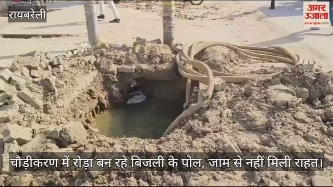 VIDEO : रायबरेली में चौड़ीकरण में रोड़ा बन रहे बिजली के पोल, जाम से नहीं मिली राहत
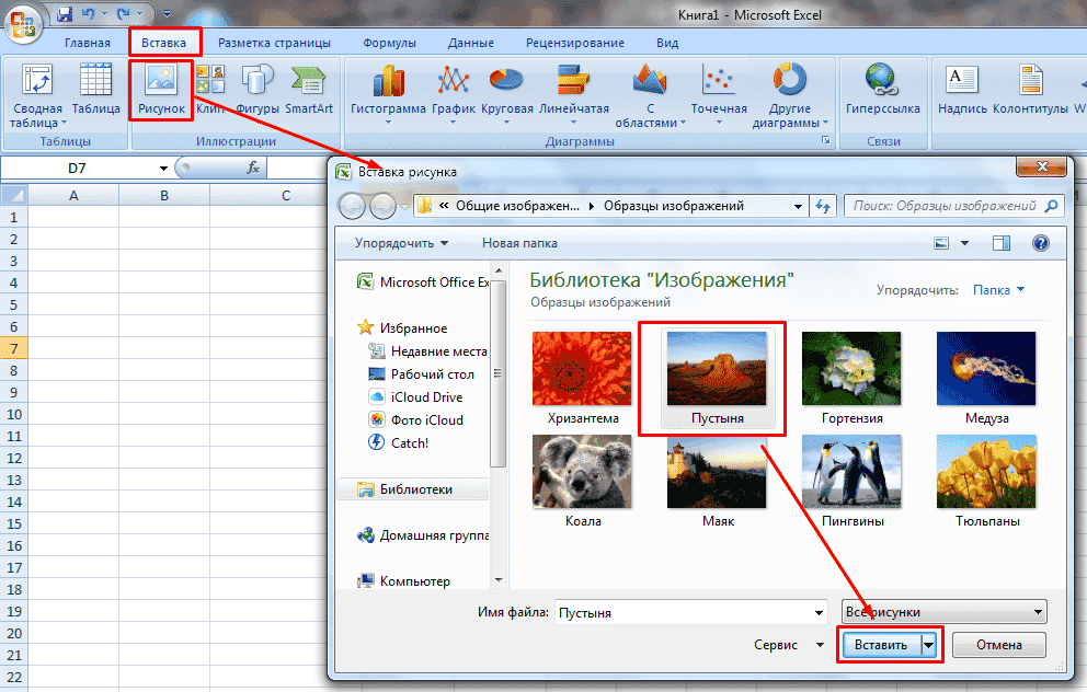 Как вставить в файле эксель картинку, фото
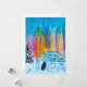 The igloo is all lit up for the holidays while the northern lights dance in the sky in the background in this colorful painting.
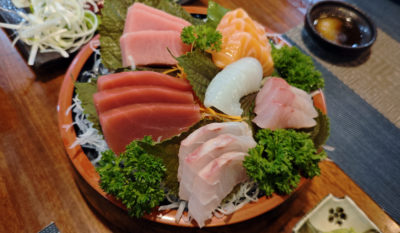 このお店、メニューがスゴイです。刺身だけじゃなく、寿司、焼き鳥、豚串、天ぷら、アジフライ、とんかつ、天丼、牛丼、カレーライス(笑)、鰻丼、すき焼き、そば、うどん、冷やし中華に長崎ちゃんぽん(笑)、各種ラーメンと、日本食を食べたいという場合は何でも揃う感じ。枝豆、牛タン、お新香や納豆といったオツマミも充実しています。餃子やチャーハン、天津飯といった若干日本関係ないものもあったりします。
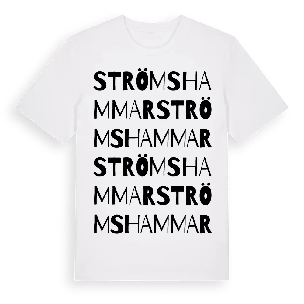 Strömshammar ordlek t-shirt är inspirerad av byn Strömshammar i Södermanlands län, Sverige. Tröjan är designad för dig som har en speciell koppling till platsen – oavsett om du bor här, har rötterna här eller bara älskar Strömshammar.
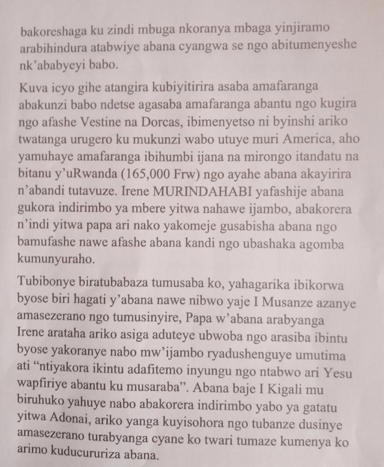 Akimara kubona iyo baruwa, yihutiye kongera gushaka abana ngo bitandukanye natwe kandi abandikira SMS abashuka ngo bifate voice note bamushima ngo bavuge ko yabarihiye amashuli ngo kugira ngo RIB itamufata, abana barabikora ariko bahita babitumenyesha. Mumbabarire navuze byinshi ariko mbikoze kugira ngo Abanyarwanda bose ndetse n’abakunzi ba Vestine na Dorcas bamenye ukuri.
####
**Exercise:**
Only the pictures are to be excluded; all other parts of the records above are to be given exactly.

**Exercise output:**
 VIDEO : रायबरेली में चौड़ीकरण में रोड़ा बन रहे बिजली के पोल, जाम से नहीं मिली राहत
 Как вставить в файле эксель картинку, фото
 The igloo is all lit up for the holidays while the northern lights dance in the sky in the background in this colorful painting.
 このお店、メニューがスゴイです。刺身だけじゃなく、寿司、焼き鳥、豚串、天ぷら、アジフライ、とんかつ、天丼、牛丼、カレーライス(笑)、鰻丼、すき焼き、そば、うどん、冷やし中華に長崎ちゃんぽん(笑)、各種ラーメンと、日本食を食べたいという場合は何でも揃う感じ。枝豆、牛タン、お新香や納豆といったオツマミも充実しています。餃子やチャーハン、天津飯といった若干日本関係ないものもあったりします。
 Strömshammar ordlek t-shirt är inspirerad av byn Strömshammar i Södermanlands län, Sverige. Tröjan är designad för dig som har en speciell koppling till platsen – oavsett om du bor här, har rötterna här eller bara älskar Strömshammar.
 Akimara kubona iyo baruwa, yihutiye kongera gushaka abana ngo bitandukanye natwe kandi abandikira SMS abashuka ngo bifate voice note bamushima ngo bavuge ko yabarihiye amashuli ngo kugira ngo RIB itamufata, abana barabikora ariko bahita babitumenyesha. Mumbabarire navuze byinshi ariko mbikoze kugira ngo Abanyarwanda bose ndetse n’abakunzi ba Vestine na Dorcas bamenye ukuri.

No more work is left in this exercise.